In many insect species of interest to agriculture, such as those in the order Lepidoptera, females emit an airborne trail of a specific chemical blend constituting that species' sex pheromone. This aerial trail is referred to as a pheromone plume.

Males of that species use the information contained in the pheromone plume to locate the emitting female (known as a “calling” female). Mating disruption exploits the male insects' natural response to follow the plume by introducing a synthetic pheromone into the insects’ habitat. The synthetic pheromone is a volatile organic chemical designed to mimic the species-specific sex pheromone produced by the female insect. The general effect of mating disruption is to confuse the male insects by masking the natural pheromone plumes, causing the males to follow “false pheromone trails” at the expense of finding mates, and affecting the males’ ability to respond to “calling" females. Consequently, the male population experiences a reduced probability of successfully locating and mating with females, which leads to the eventual cessation of breeding and collapse of the insect infestation.

Mechanisms of disruption

Researchers distinguish two broad mechanisms by which mating disruption can act on moth populations: competitive disruption, in which synthetic pheromone sources compete with calling females for the attention of males (an effect that is density-dependent and tends to plateau as more dispensers are added), and non-competitive disruption, in which the male's sensory or behavioural response to pheromone is itself impaired, for example, through sensory desensitisation or camouflage of the natural plume, an effect that is not linked to pest density. A 2025 study by entomologist Dr Vernon Murray Steyn and colleagues on the false codling moth (Thaumatotibia leucotreta), a major agricultural pest in Africa, found that disruption of this species followed a "hybrid" profile: males were disrupted competitively at low pheromone dosages, but disruption shifted to a non-competitive mechanism at higher dosages (800 dispensers per hectare and above), which coincided with a jump to 96–99% mating disruption in stone fruit and table grape orchards. The same study found that clustering dispensers into as few as 36 release points per hectare achieved disruption levels statistically indistinguishable from 800 uniformly distributed dispensers, indicating the number of pheromone sources could be reduced substantially without loss of efficacy once non-competitive disruption was achieved. The mechanism underlying disruption also has practical implications for the cost of application. Because competitively disrupted species require pheromone sources to be numerous and well-distributed to compete effectively with calling females, reducing the number of release points in these species tends to reduce disruption efficacy, for example, clustering 200 dispensers per hectare into 18 release points reduced disruption of light brown apple moth (Epiphyas postvittana), a competitively disrupted species, by roughly 10% compared to uniform distribution. By contrast, Steyn et al. found that once false codling moth disruption shifted to a non-competitive mechanism at higher dosages, the number of pheromone release points could be reduced substantially (from 800 individually distributed dispensers to as few as 36 clustered release sites per hectare) without a significant loss of disruption, since non-competitive disruption does not depend on pheromone sources competing with females for male attention.
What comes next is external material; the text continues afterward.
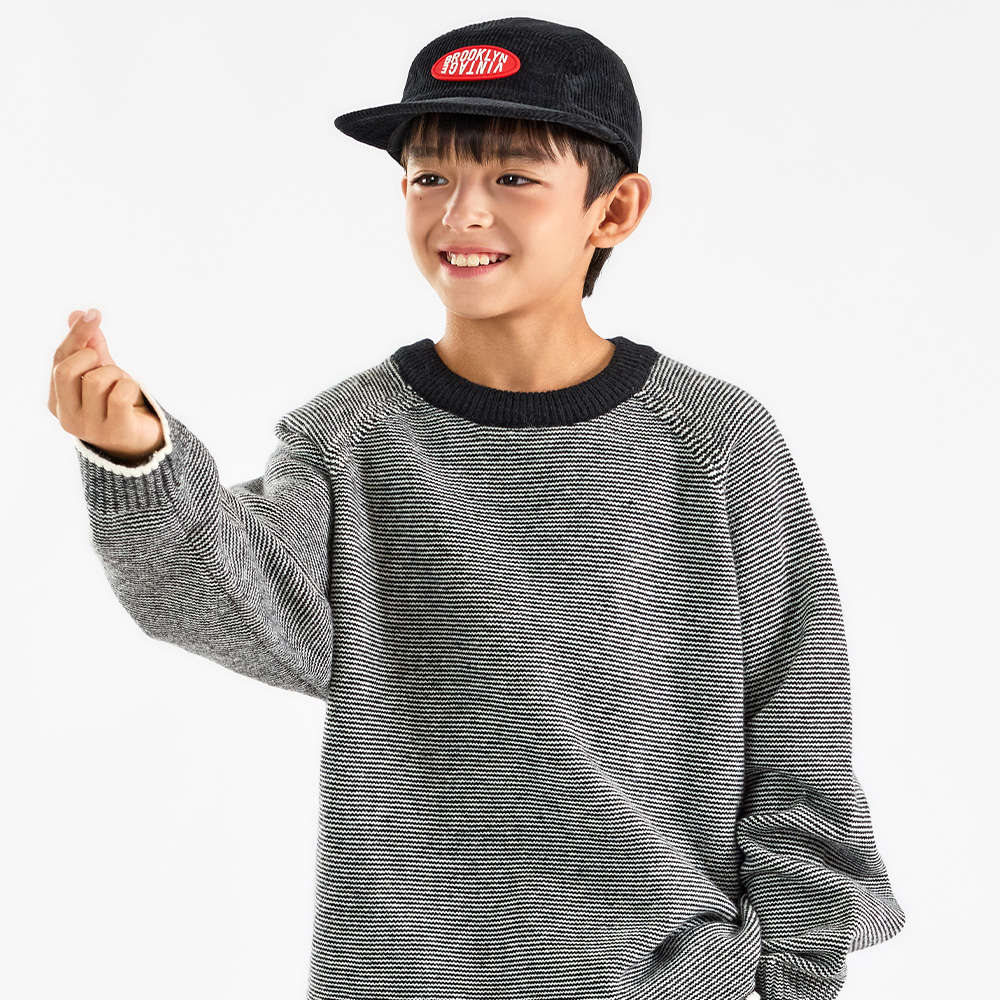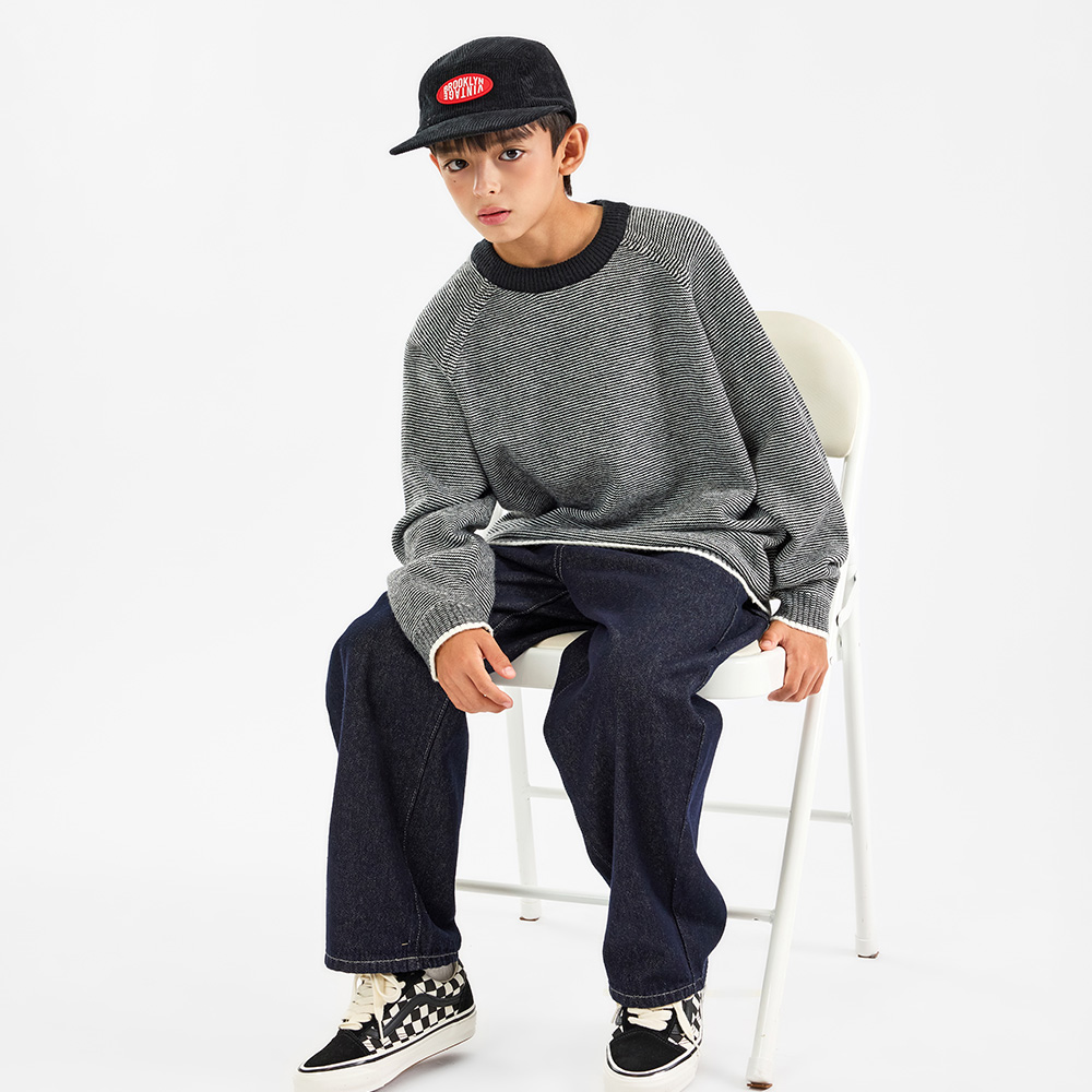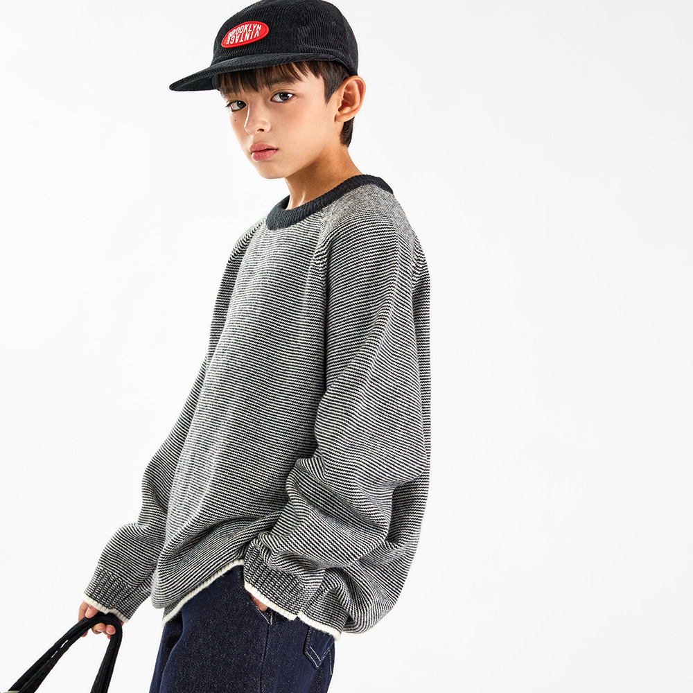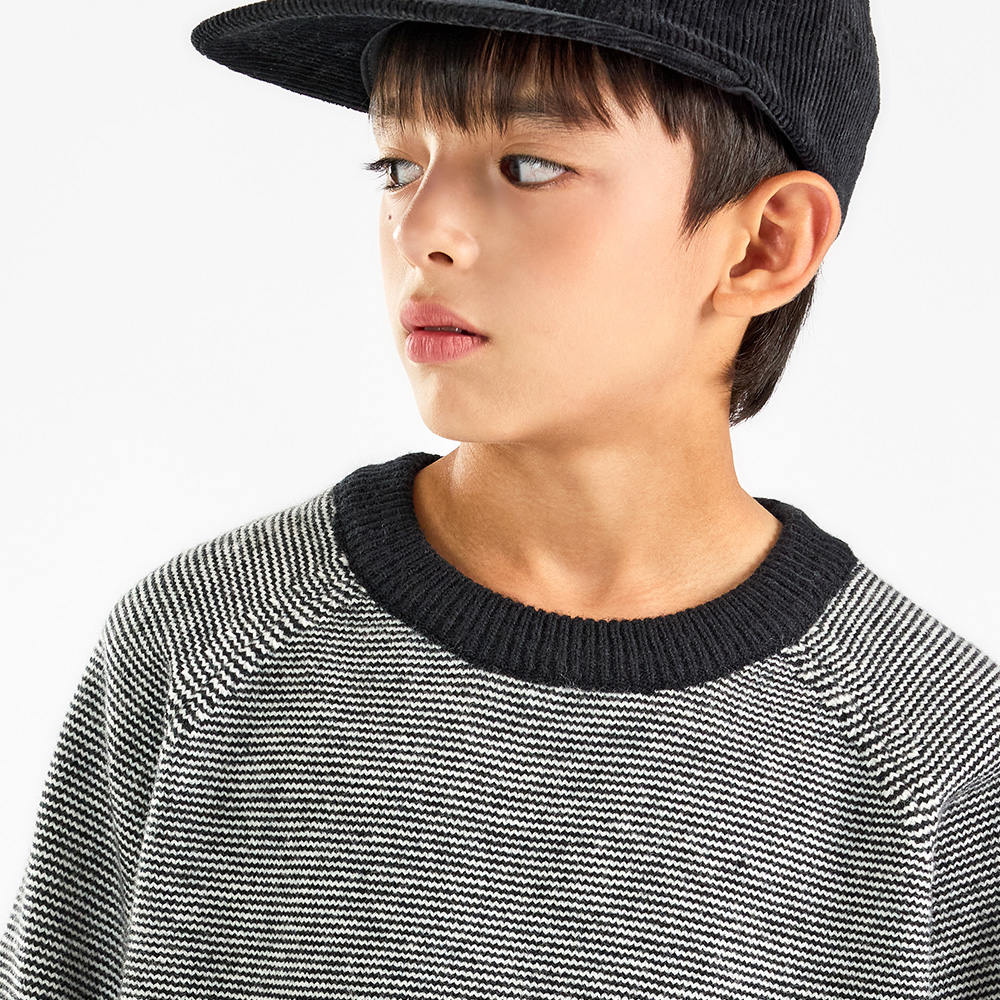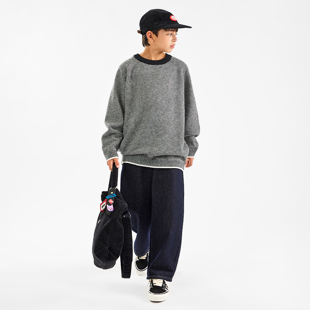 넥라인과 소매단, 밑단은 도톰한 시보리 짜임으로 안정감 있게 마무리되며,

The California Department of Pesticide Regulation, the California Department of Food and Agriculture, and the United States Environmental Protection Agency consider mating disruption to be among the most environmentally friendly treatments used to eradicate pest infestations. Mating disruption works best if large areas are treated with pheromones. Ten acres is a good minimum size for a successful MD program, but larger areas are preferable.^{[2]}

== Advantages of mating disruption ==
Pheromone programs are most effective when controlling low to moderate pest population densities. MD has also been identified as a pest control method in which the insect does not become resistant^{[1]}. The scientific community, together with governmental agencies throughout the world, understands the benefits of mating disruption using species-specific sex pheromones, and consider sex-pheromone-based insect control programs among the most environmentally friendly treatments to be used to manage and control insect pest populations. Insect pheromone has been successfully used as an effective tool to slow the spread and to eradicate pests from very large areas in the US, notably to control the spongy moth (Lymantria dispar), a devastating forestry pest, and to eradicate the boll weevil and pink bollworm, two of the most damaging pest of cotton. Contrary to conventional pesticide-based control methods, which kill insects directly, mating disruption confuses male insects from accurately locating a mating partner, leading to the eventual collapse of the mating cycle^{[3]}. Mating disruption, due to the specificity of the sex pheromone of the insect species, has the benefit of only affecting the males of that species, while leaving other non target species unaffected^{[3]}. This allows for very targeted pest management, promoting the suppression of a single pest species, leaving the populations of beneficial insects (pollinators and natural enemies) intact. Mating disruption, like most pest management strategies, is a useful technique, but should not be considered a stand-alone treatment program^{[1]} for it targets only a single species in plant production systems that usually have several pests of concern. Mating disruption is a valuable tool that should be used in Integrated Pest Management (IPM) programs.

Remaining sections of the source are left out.